Justice

Moms Letter Exposes Truth About Parenting Posts on Social Media

June 20th 2016

By:
Taylor Bell

When it comes to parenting, looks can can be quite deceiving, especially online.

In a brutally honest Facebook post last week, Australian mother Storm-Manea Ellyatt exposes social media's tendency to romanticize parenthood while failing to address the frustration and unique challenges that parents often face.

In an emailed statement, Ellyat told ATTN: that she was inspired to write the Facebook post after she suffered an emotional "meltdown" following days of stress in taking care of her son.

In the beginning of the post, Ellyatt calls out the lack of transparency about parenting from advertisers, social media users and society in general:

"It feels like a sick joke you never quite understood until this moment All those cute bonds ads, miniature Nike shoes, adorable baby shower gifts, baby spam on instagram, squad dates with your mum posse and those god damn laceylaners lied to me. Not once did I see an ad with a mum locked in her cupboard crying in her leaked stained pjs from 3 days ago, covered in sweat and vomit, praying to every god imaginable for the strength and patience to go back to the shitshow that is now their life. The once calm, poised, patient goddess, who could sling [sic] cocktials, swear with sailors and dance uninhibited until tomorrow afternoon, can bearly hold a conversation, hold her eyes open or the tears back from this new found “bliss.” — Storm-Manea Ellyatt

Ellyat goes on to elaborate of the "irony" in parenting, calling attention to the fact that parents often are condemned if they dare to express any frustration about raising a child. Because of the social pressure to highlight your accomplishments as mother or father, Ellyatt says it is hard for parents to express their failures.

"And the irony, oh the irony that everyone hates it at one point or another but you have to remember that hating it out loud is a kick in the face to everyone that would give everything for a moment of “hating it." So you post the photo, you cliché the fuck out of your status because your hashtag loving it hashtag mumlife hashtag soblessed and when people ask you, you say with all the vigour of 2 hrs sleep 'its honestly the most amazing thing that’s ever happened to me,' and when there’s no cameras, no people and no [sic] judgement you let out the loudest FUUUCKKK YOOOOUUUU known to man, although it’s under your breathe, or screamed into a pillow, or yelled from the [sic] foetal position of your cupboard because your little ones finally asleep. So we somehow pick our shattered self off the floor, trying to piece together a resemblance of a person and do it all again."

In the end, Ellyatt applauds parents for having the guts to get up and carry on.

"Cheers all you amazing parents that dust yourselves off and do it again, with the smile of a thousand curse words, shattered souls and hopefully a strong coffee or wine in hand. Your my people x o x."

Ellyatt isn't alone; most moms and dads find parenting really stressful.

The stress of raising children is something that many parents face. According to a Pew Research Center, "fifty-six percent of all working parents say the balancing act is difficult, and those who do are more likely to say that parenting is tiring and stressful, and less likely to find it always enjoyable and rewarding," the New York Times reported.

The Pew study provides some details about why so many working parents find it stressful; they never have time to slow down and relax. "In fact, four-in-ten full-time working moms say they always feel rushed, even to do the things they have to do," the Pew study reports. 
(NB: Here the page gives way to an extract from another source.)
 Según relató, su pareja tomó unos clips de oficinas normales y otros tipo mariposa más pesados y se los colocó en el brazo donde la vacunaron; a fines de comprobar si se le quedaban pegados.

Although this may not be the image that parents convey on social media, Ellyatt told ATTN: the need for "realistic depictions" of parenting is important.
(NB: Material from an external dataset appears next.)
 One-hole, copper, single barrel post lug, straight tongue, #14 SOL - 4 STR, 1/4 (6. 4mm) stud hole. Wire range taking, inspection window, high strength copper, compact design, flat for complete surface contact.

"I think social media is a curation of our life, which is totally fine," Ellyatt told ATTN:. "We pick and choose what we want to share and how we are publicly perceived. There doesn't seem to be anyone on social media portraying the WHOLE experience and at times when you feel like you're struggling, it can be crushing to see everyone else loving every second of it. Everyone knows baby spam, a cute photo of your child, a doting parent, but in the throes of a bad day you can see that and think you're such a failure. We don't need more reasons to feel guilty. I just want to see more realistic depictions so I know at my worst someone understands and at my best someone does too."

Editor's note: The story has been updated to include Ellyatt's comments.